# Vieux Palm Vx



## violet (20 Octobre 2010)

Bonjour,
je ne sais où caser ma question. Suis-je sur le bon forum pour ne pas recevoir une volée de bois verts ? ! ! !
J'ai un très ancien Palm Vx (presque 10ans) qui m'est des plus utiles, avec ses 1200 adresses.
Hélas c'est l'ultime cordon qui me rattache à mon encombrant vieux PC que je garde uniquement pour recharger le Palm, faire les Hotsync (avec la base)... Je suis passé au Mac OSX 10.5.8 il y a un peu plus d'un an.
Je ne connais hélas pas grand chose à l'informatique mais comment pourrai-je récupérer mon énorme fichier adresses en .csv ? Des conseils ? ou bien est-il possible de recourir à un professionnel pour accomplir cette tâche ?
Merci d'avance.


----------



## Pascal 77 (21 Octobre 2010)

violet a dit:


> Bonjour,
> je ne sais où caser ma question. Suis-je sur le bon forum pour ne pas recevoir une volée de bois verts ? ! ! !

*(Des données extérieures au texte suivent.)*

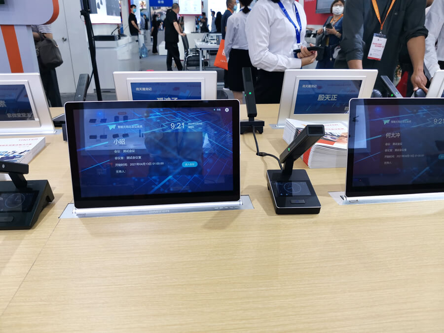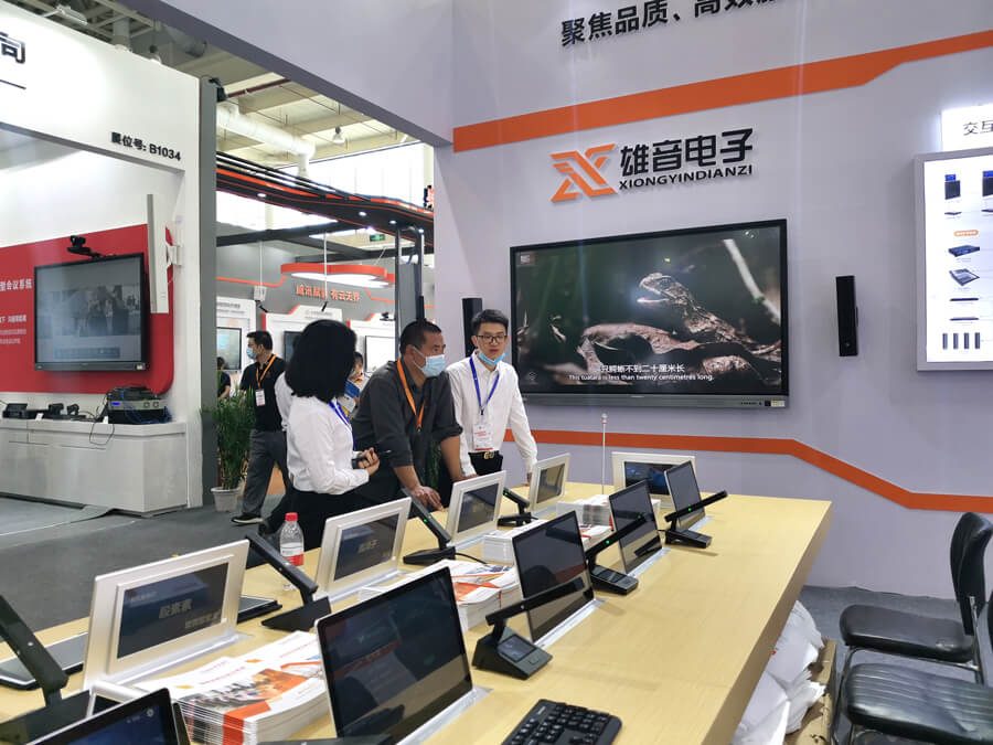 在展出的众多新品中,最受关注的是雄音电子(ONITER)最新发布的交互式智能无纸化会议系统。
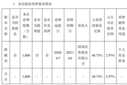 本次質(zhì)押股份1000萬股,占其所持公司股份的48.73%。質(zhì)押期限為2020年4月7日至2021年4月6日。
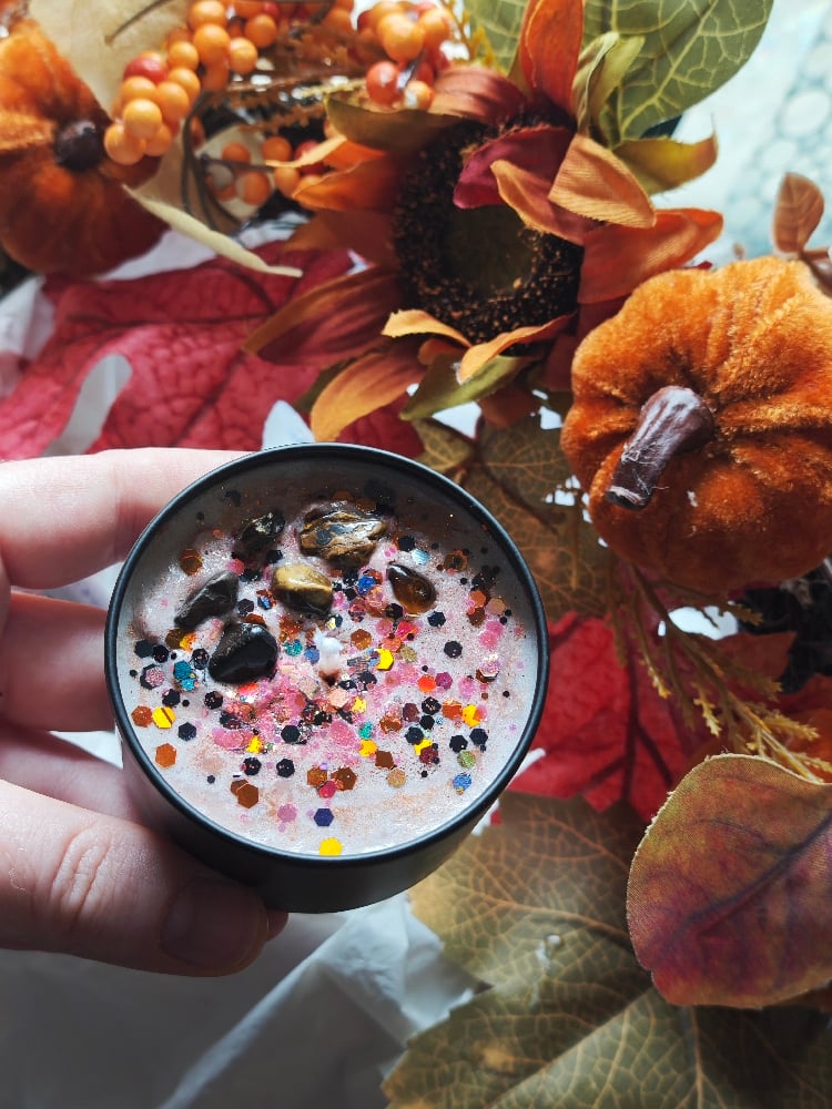 Vela pastel de calabaza y canela con piedras ojo de tigre
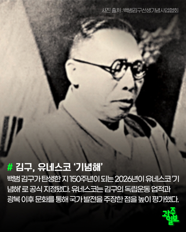 백범 김구가 탄생한 지 150주년이 되는 2026년이 유네스코 ‘기념해’로 공식 지정됐다. 유네스코는 김구의 독립운동 업적과 광복 이후 문화를 통해 국가 발전을 주장한 점을 높이 평가했다.
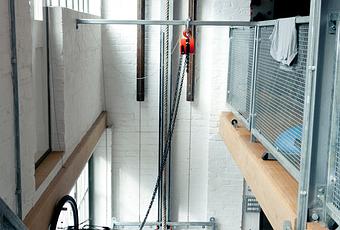 Brod Hart’s home in London’s Finsbury Park neighborhood is hidden away on a quiet street filled with the typical Victorian houses that populate the area. But behind the large steel doors that shield it from view stands what once began as stables, later served as a piano factory, and finally was converted to a wheelchair-accessible private residence. Hart managed the renovation himself and lived on-site during the process, which was challenging. His clever DIY skills and design tricks paid off: The end result is an industrial-chic modern house, fully accessible to wheelchair users. Brod designed the pulley himself, essentially a personal elevator, using nothing but cantilevered body weight to hoist him up and down within seconds. Photo by: Andrea Bakcas
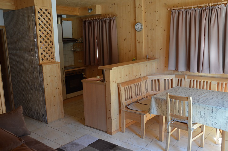 Soba z zakonsko posteljo, soba s pogradom, dnevni prostor s kuhinjo, jedilnim kotom in raztegljivim kavčem, TWC.
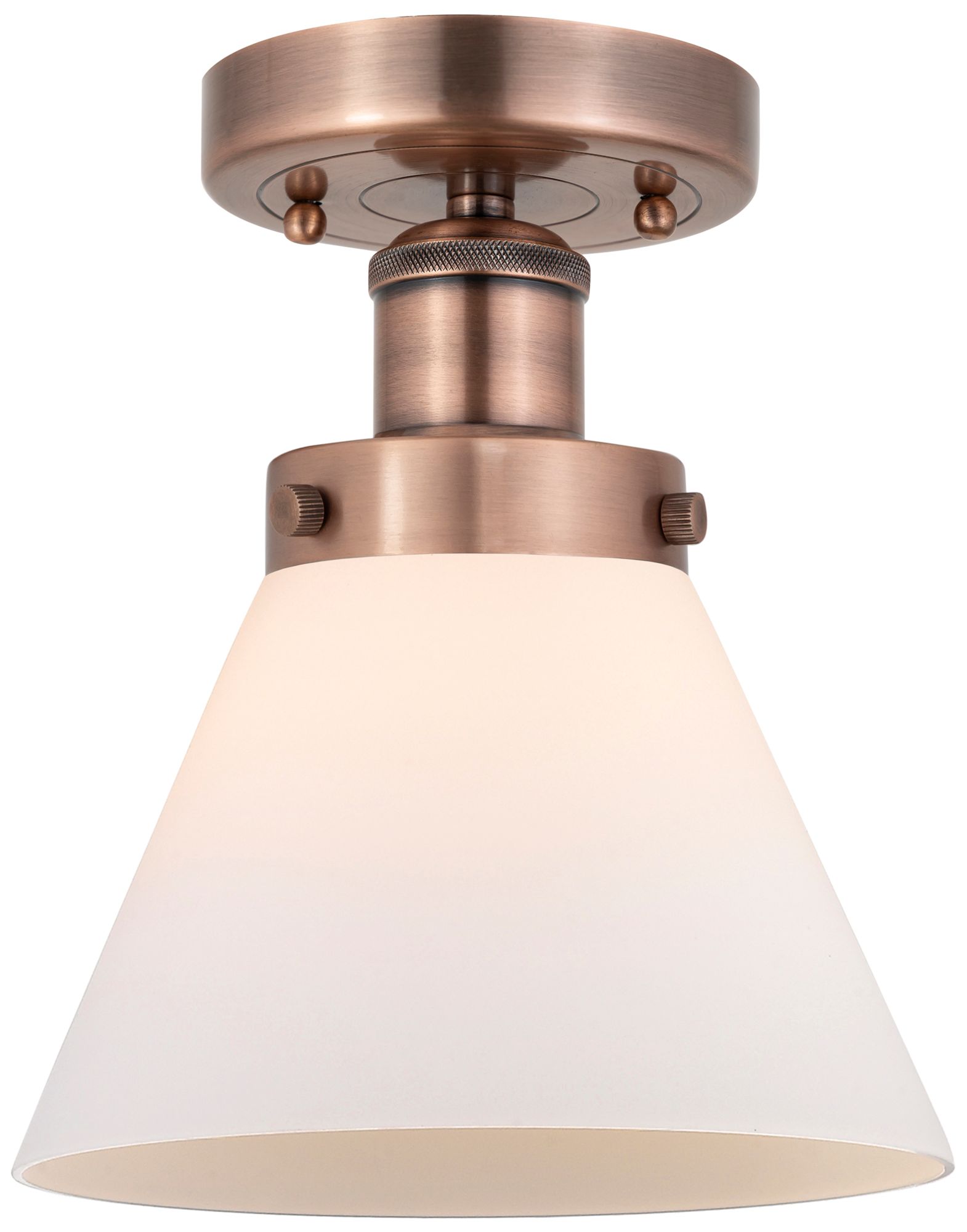 Cone 7.75"W Antique Copper Semi.Flush Mount With Matte White Glass Sha
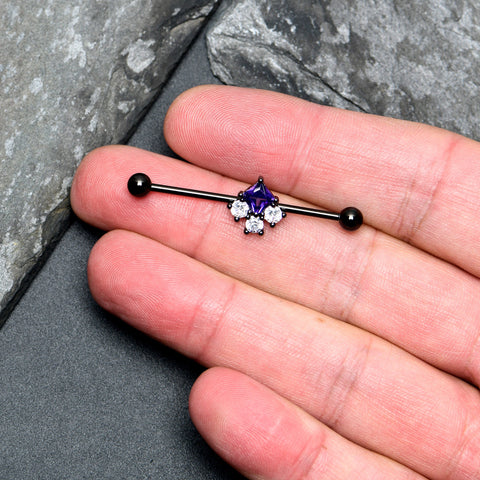 14 Gauge Clear Purple CZ Gem Black Rhombus Riot Industrial Barbell 38mm
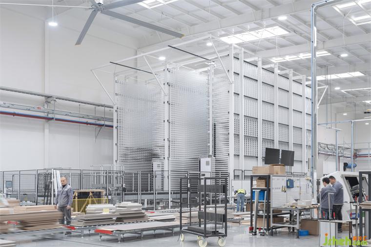 The outdoor materials' color tones extend to the exterior walls of the production plant. Vertical gradients provide visual rhythm to the horizontal volumes and integrate with window treatments. Skylights are extensively used for illumination inside the factory, where production lines operate in an almost dust-free environment. The landscape design is based on the concept of a sponge city, utilizing natural rainwater infiltration. Large water features and undulating ground landscapes break the monotony of the site. A significant number of trees are planted on the south side of the building. Over time, these trees will grow, providing shade for the parking area and visual buffering for the main facade of the research center.
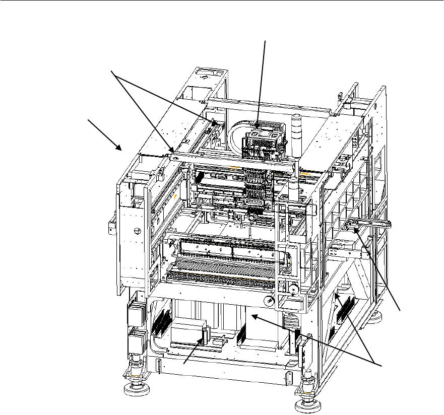 제 2 장 장비의 개략적 설명 2-3 Mx100/P,200/P/TP 装备内部主要部件名称 1.Main Frame :根据三 维结构解释进行优化设计,确保 了高强度和低震动。 2.X-Y Gantry :使用了单边 Linear Motor 及 Opti cal Linear Enc oder ,实现高速、高精度配 件吸附,起到移动至指定 的 XY 位置,以便进行 Vision 确认、配件安装等的 作用。 3.Conveyor …

Ben si tu as cherché et pas trouvé, on ne te dira rien, ceux qu'on aime pas, ce sont ceux qui ne cherchent pas ! On déménage.



violet a dit:


> J'ai un très ancien Palm Vx (presque 10ans) qui m'est des plus utiles, avec ses 1200 adresses.
> Hélas c'est l'ultime cordon qui me rattache à mon encombrant vieux PC que je garde uniquement pour recharger le Palm, faire les Hotsync (avec la base)... Je suis passé au Mac OSX 10.5.8 il y a un peu plus d'un an.
> Je ne connais hélas pas grand chose à l'informatique mais comment pourrai-je récupérer mon énorme fichier adresses en .csv ? Des conseils ? ou bien est-il possible de recourir à un professionnel pour accomplir cette tâche ?
> Merci d'avance.



Ce que je ne comprend pas, c'est "où est le problème ?" : j'ai toujours synchronisé mes Palms sous Mac OS X (de Mac OS X 10.2 au départ, à Mac OS X 10.5.8 aujourd'hui), que ça soit mon (encore plus) vieux (que le tien) Palm IIIx, mon M105, mon Sony Clié, mon Tungsten T2, puis de nouveau (actuellement) mon Sony Clié (quand le T2 est tombé en panne, je l'ai ressorti). Au début, j'utilisais Palm Desktop 4.2.1, puis, en 2004, avec "Office" du même millésime, je me suis aperçu que je pouvais synchroniser mon Palm avec MS Entourage, et depuis ce moment, c'est ce que je fais, et donc, j'ai dans Entourage tout le carnet d'adresses de mon Palm, tous mes RdV de ces 7 dernières années, etc.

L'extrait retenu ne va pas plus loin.